Short version of the last 7 days – but longer:
*Moved to Lexington – sort of: The movers came to the house in Ohio on Monday and Tuesday. We met them in Lexington bright and early Friday morning. Got everything into the apartment and storage unit but WOW, I forget how much stuff we have. In the last 3 years, we have gone from a large house in Dallas (2100 SF) to a medium house in Cleveland (1400 SF) to a small apartment in Lexington (1000 SF). This means one room in our 2 bedroom apartment is stacked floor to ceiling with boxes. This means living out of said boxes and trying to figure out where the heck they packed the Tums and the DVD of Bend it Like Beckham. (Oh, I say sort of because I am going to be living in Cleveland until February. But all my stuff is in Lexington. Like my husband and my dog and my Tums and my Bend it Like Beckham DVD.)
*Hubby threw his back out: Randy has a bad back so all the driving he has been doing + the unpacking and general rearranging of boxes we did on Friday and Saturday + the stress of moving = Randy in pain. He is contorted into a shape vaguely reminiscent of a big Z. Basically his torso is jutting to the left and his hips jut to the right. Not so much fun. A few trips to the chiropractor and he will be fine but he is out of commission for the time being. (Of course, this all necessitates that we find the Tums quickly.)
*Our previously friendly Explorer turned into Christine: Picture this: driving from Lexington to Columbus on Saturday afternoon for the work Christmas party. Going slightly over 70, no one else around, dry pavement. I turn on the cruise control and the car takes off on me, quickly accelerating to nearly 80. I hit the brakes to turn off the cruise control but ‘Christine’ is still speeding up! Randy tells me to pump the gas pedal as I realize it is floored – completely bottomed out. After a few good kicks and me prying at it with my toes, it finally gives and we get back to me being in control, not the car! A little more adrenaline, please. Apparently ‘Christine’ does not like cruise control over 70 – new government car control mechanism, perhaps? Eh, doubtful. She has 100,000 miles on her and she gets cranky – no more cruise control for us.

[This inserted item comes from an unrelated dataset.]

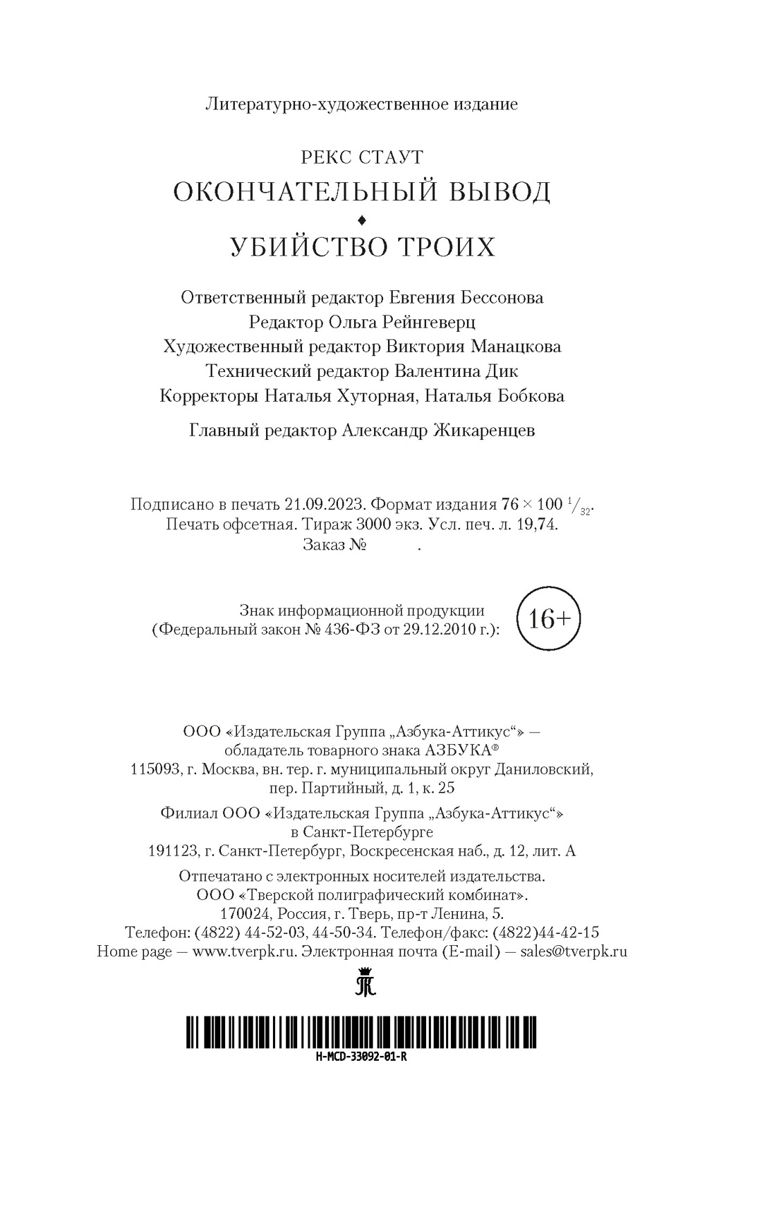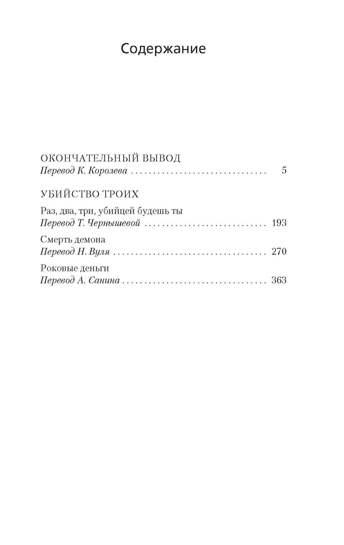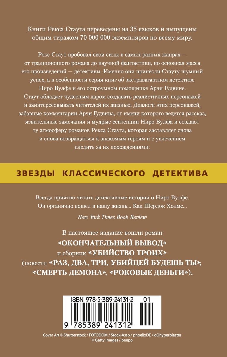 Ниро Вулф, страстный коллекционер орхидей, большой гурман, любитель пива и великий сыщик, практически никогда не выходит из дому. Все преступления он распутывает на основе тех фактов, которые собирает Арчи Гудвин, его обаятельный, ироничный помощник с отличной памятью. Благодаря знаменитому детективу похищенный муж миллионерши благополучно возвращается домой, но на следующий день его находят в домашней библиотеке придавленным статуей Бенджамина Франклина. Случайность или убийство?.. («Окончательный вывод»). Также в сборник включены повести, в которых к Вулфу приходят три посетительницы. Одну из них душат в кабинете сыщика его же галстуком, вторая признается, что пытается удержать себя от того, чтобы застрелить мужа, а третья, ярая ненавистница полиции, просит детектива изобличить фальшивомонетчиков.| Издательство | Азбука |

That was a little frightening as it has never happened to me before – just glad someone in the car was calm and knew what to do. Hint: it wasn’t me. (I really could have used those missing Tums)
*Went to my husband’s Christmas party and swapped stories about being a “construction wife” with the other “construction wives.” (Forgive the single gender references but construction is still a male dominated industry – very few “construction husbands” around.) It is common knowledge among the wives of employees of large national or multi-national commercial construction firms that you once you marry into the business, you will be moving for the business. Case in point – this is my 4th state in 5 years. (Ohio-Texas-Ohio-Kentucky.) Now, it isn’t fun (really, who likes packing and unpacking? And WHERE ARE MY TUMS!) but we knew it was going to happen when we got married. Whenever you get large gatherings of construction couples, the wives invariably start swapping moving stories. This is most fun when done with people of varying ages – the more broad the range, the more fun. Really freaks the youngins out. At our table on Saturday, we had Ann at over 20 years married to construction, myself at 5 years with construction (the moving started right after we began dating so I count those two years prior to the I Do’s) and Stephanie, girlfriend of 1 year. Ann and I actually went pretty easy on her considering some of my early moving conversations were with couples who have moved to no less than 8 states in 14 years!
So, that was my weekend. I have bought exactly 5 Christmas presents. Really need to buy more but I am not going to the mall until I find the Tums. Probably means some of you are getting your Christmas presents sometime in April. Merry Aprilmas!